In another embodiment, the downstream channel capacity is determined dynamically by the processor according to traffic conditions.
In another embodiment, the bandwidth delay product is calculated by multiplying the round trip time by the downstream channel capacity.
In another embodiment, the processor alters the advertised receive window by overwriting the value in an acknowledgement data packet sent by the client.
In another embodiment, the processor is configured to apply a random early discard packet dropping algorithm if the downstream temporary storage nears saturation.
A method of controlling the rate of data transmission between a sender on a connected network and a client with an advertised receive window is also disclosed. The method comprises a) determining a round trip time between the client and the sender, b) determining a downstream channel capacity between the network arbiter and the client, c) calculating a bandwidth delay product from the round trip time and the downstream channel capacity and d) altering the advertised receive window to be equal to the calculated bandwidth delay product.
In another embodiment, steps a-d are repeated when a prescribed condition is met.
In another embodiment, the prescribed condition is the passage of a preset amount of time.
In another embodiment, the prescribed condition is the reception of a preset number of data packets.
In another embodiment, the prescribed condition is a downstream temporary storage filling to a prescribed level.
In another embodiment, the downstream channel capacity is a preset value.
In another embodiment, the downstream channel capacity is determined dynamically according to traffic conditions.
In another embodiment, the bandwidth delay product is calculated by multiplying the round trip time by the downstream channel capacity.
In another embodiment, the advertised receive window is altered by overwriting the value in an acknowledgement data packet sent by the client.
The foregoing and additional aspects and embodiments of the present disclosure will be apparent to those of ordinary skill in the art in view of the detailed description of various embodiments and/or aspects, which is made with reference to the drawings, a brief description of which is provided next.
The foregoing and other advantages of the disclosure will become apparent upon reading the following detailed description and upon reference to the drawings.
While the present disclosure is susceptible to various modifications and alternative forms, specific embodiments or implementations have been shown by way of example in the drawings and will be described in detail herein.

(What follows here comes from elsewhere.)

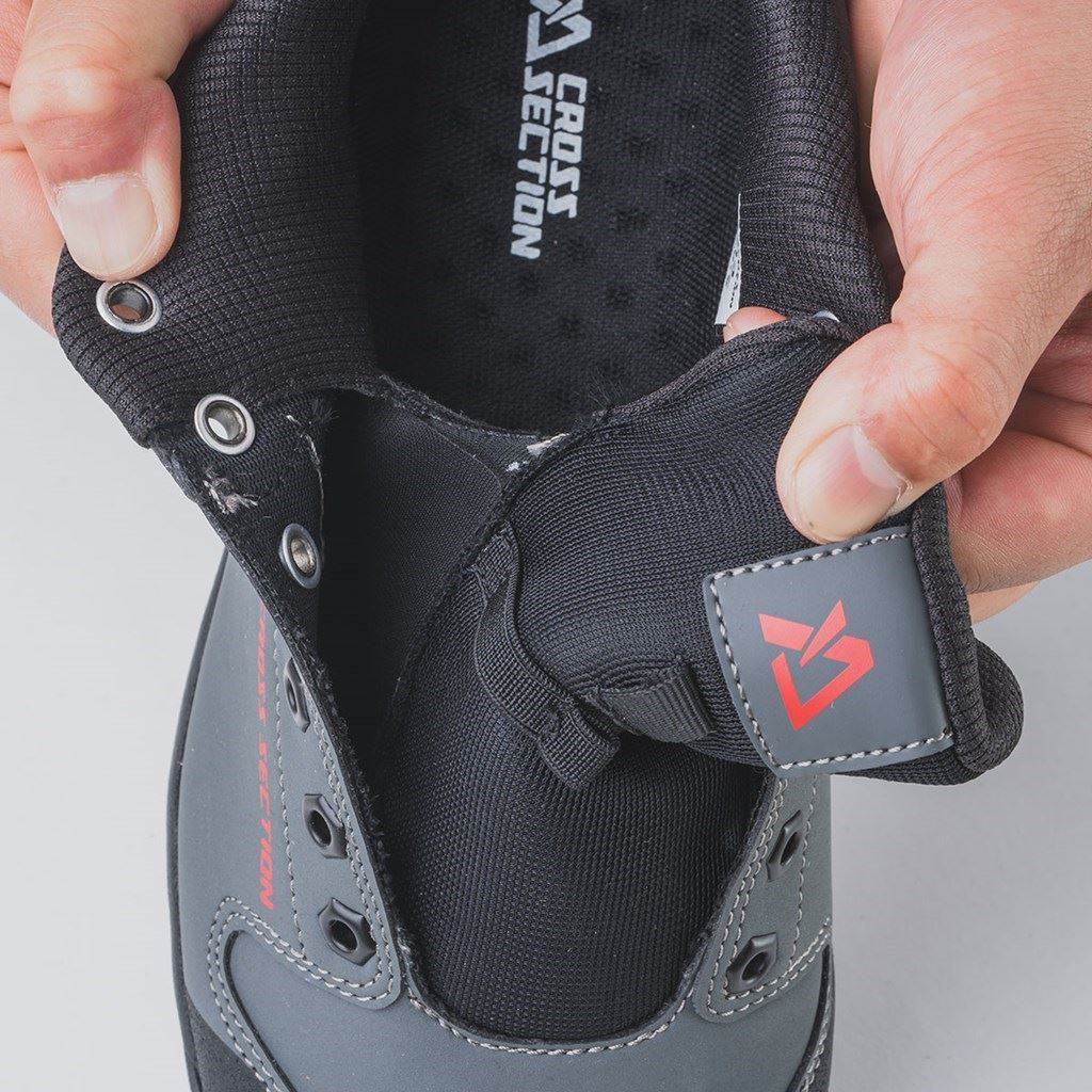 深めのヒールカップを採用することで踵の浮き上がりを抑え、よりライディングに集中することが可能。

It should be understood, however, that the disclosure is not intended to be limited to the particular forms disclosed. Rather, the disclosure is to cover all modifications, equivalents, and alternatives falling within the spirit and scope of an invention as defined by the appended claims.
In a typical operation, client 140 requests data from sender 110. The request travels to network arbiter 130, through network 120 to sender 110. Sender 110 then transmits the requested data through network 120 to client 140 via network arbiter 130. In a TCP environment the requested data is broken into packets at sender 110 to be transmitted over network 120 and reassembled at client 140. In order to avoid mistakes of transmission and to correct errors, when client 140 receives a packet it sends back an acknowledgement packet. Data that has been sent, but not yet acknowledged is said to be “in flight.” In a typical implementation client 140 advertises a Receive Window corresponding to the amount of data it is ready to receive, typically by including information about the size of the Receive Window in the initial data request and subsequent acknowledgment packets. Sender 110 typically responds by limiting the amount of data in flight to the size of the Receive Window so as not to accidentally cause an overflow and consequent data loss.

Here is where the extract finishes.